Regulatory T cell (Treg) based therapies have been proposed as a therapy for graft-versus-host disease (GVHD) in recipients of allogeneic haematopoietic stem cell transplants (alloHSCT). However how Tregs suppress GVHD is not well understood. Our previous work in lymphopaenic Rag-KO mice demonstrated that infusing and expanding Tregs prior to T cell transfer promoted optimal T cell reconstitution. Tregs selectively inhibited the rapid oligoclonal expansion of transferred T cells, while permitting slower homeostatic repopulation of naïve T cell pool. This process was critically dependent upon Treg-mediated regulation of co-stimulatory molecules on dendritic cells. Based on these findings this protocol was then applied to a preclinical model of alloHSCT. Tregs were infused at the time of transplantation and expanded using IL-2/anti-IL-2 complexes, while the transfer of allogeneic Tconv cells was delayed until normalization of DC costimulation was achieved.

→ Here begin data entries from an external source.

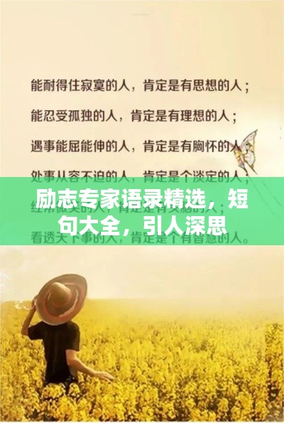 在人生的旅途中,我们时常需要一些励志的话语来激励自己,专家们的励志语录往往能给我们带来深刻的启示,以下是一些精选的专家励志语录短句,希望能激励我们在人生的道路上勇往直前。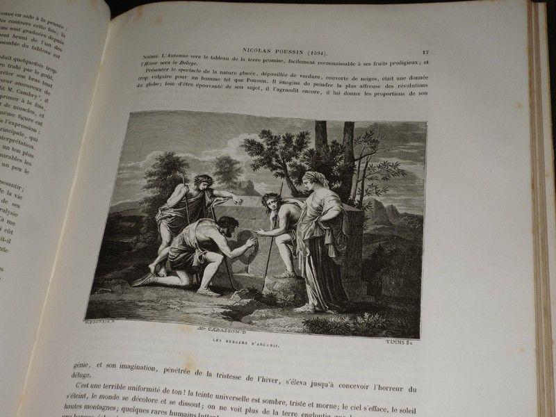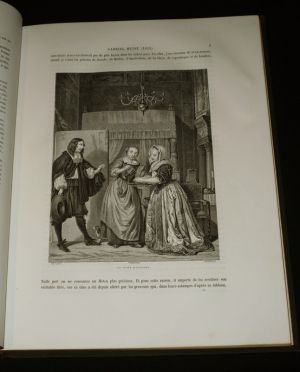 In-4 (27 x 35 cm), rare percaline romantique, paginations multiples, gravures en noir reproduisant un choix des plus beaux tableaux des écoles française, flamande et hollandaise, avec portraits, monogrammes, etc., extrait de l'Histoire des peintres de toutes les écoles par M. Charles Blanc ; coiffes et coins frottés, ors un peu passés au dos et au premier plat, des rousseurs à l'intérieur, par ailleurs assez bon état.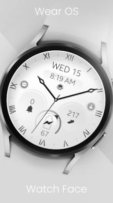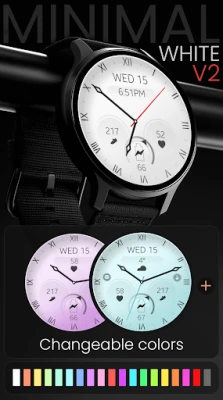 Minimal White v2 is a sleek analog watch face for Wear OS with a clean white design and Roman numerals. It features a minimalist layout with custom app shortcuts, complications, and changeable colors, making it an ideal choice for a personalized and refined look.
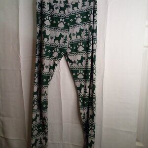 Lularoe Leggings Women Tall Curvy Plus Christmas Dogs Scottie Green White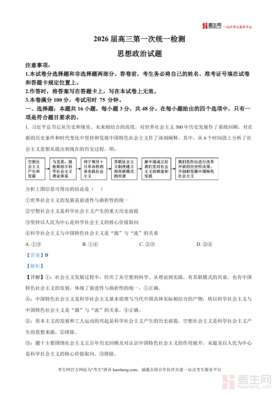 该资料适用人群主要为2026届内蒙古自治区赤峰市高三年级学生,以及从事高三政治学科教学的教师或备考辅导人员,作为高三上学期首次统一检测对应的解析类资料,它能有效支持阶段学习效果评估,帮助使用者更好适应本地统一检测形式与要求,为后续系统复习与备考奠定基础,具有较强的针对性与实用性。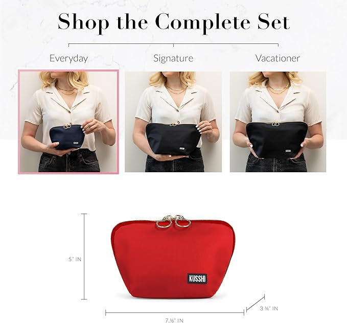- Everyday Makeup Bag – This small makeup bag is perfect for on the go: keep your toiletries, cosmetics, and skincare organized and secure. The bag provides effortless organization for your everyday essentials, it holds 5-10 products and measures 7.5” x 5”. Bring your must-haves wherever you go!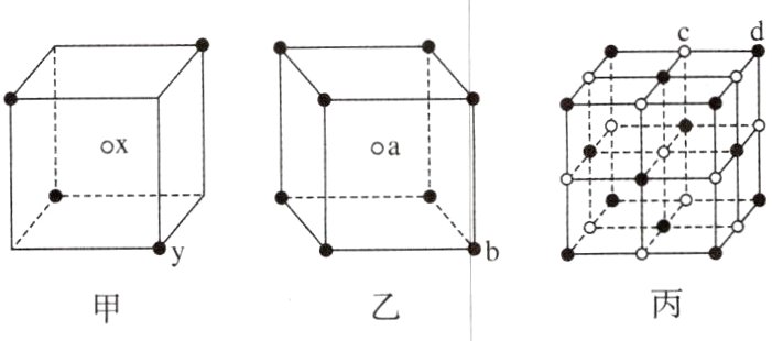 1. 如图是甲、乙、丙三种晶体的晶胞,则甲晶体中x与y的个数比是______,乙中a与b的个数比是______,丙中一个晶胞中有________个c离子和________个d离子。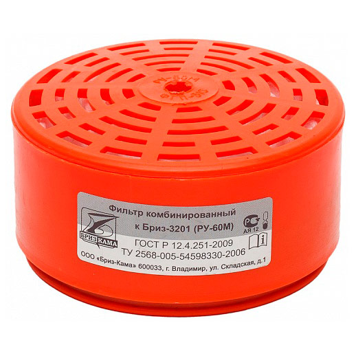 Бриз-3201 (РУ-60) А1В1Е1К1Р1 (комбинированный). Органические газы и пары (бензол, эфиры, бензин, нитросоединения бензола, хлор- и фосфорорганика), неорганические газы и пары (галогены, сероуглерод), кроме окиси углерода, кислые газы и пары (сероводород, сернистый газ, хлористый водород), аммиак, амины, аэрозоль

Treg infusion prior to transfer of allogeneic T cells completely protected against disease, which was a marked improvement over a more conventional Treg-Tconv co-transfer protocol.

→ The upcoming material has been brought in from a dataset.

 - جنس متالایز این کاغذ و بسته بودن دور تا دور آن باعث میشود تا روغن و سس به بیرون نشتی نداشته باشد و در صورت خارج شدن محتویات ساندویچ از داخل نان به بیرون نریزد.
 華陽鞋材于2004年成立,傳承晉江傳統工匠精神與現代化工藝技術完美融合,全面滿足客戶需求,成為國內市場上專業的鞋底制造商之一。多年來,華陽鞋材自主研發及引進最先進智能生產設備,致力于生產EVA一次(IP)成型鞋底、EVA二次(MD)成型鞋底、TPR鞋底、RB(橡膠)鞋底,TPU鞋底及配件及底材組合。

Our data characterising the effect of Tregs on allogeneic T cells strongly parallels our results in lymphopaenic Rag-KO mice. In mice that did not receive Tregs allogeneic T cells underwent rapid proliferation, acquired an effector memory phenotype and expressed high levels of inflammatory cytokines. Minimal homeostatic repopulation of naïve T cells took place in these mice. In contrast Tregs inhibited the rapid proliferative response of allogeneic T cells while promoting homeostatic repopulation of the naïve T cell pool. As a result, the T cell pool in these mice had an increased frequency of naïve T cells, a reduction in effector/memory T cells, and reduced expression of inflammatory cytokines. These results indicate that Treg infusion prior to transfer of allogeneic T cells not only potently protects against GVHD, but also promotes optimal reconstitution of the T cell pool.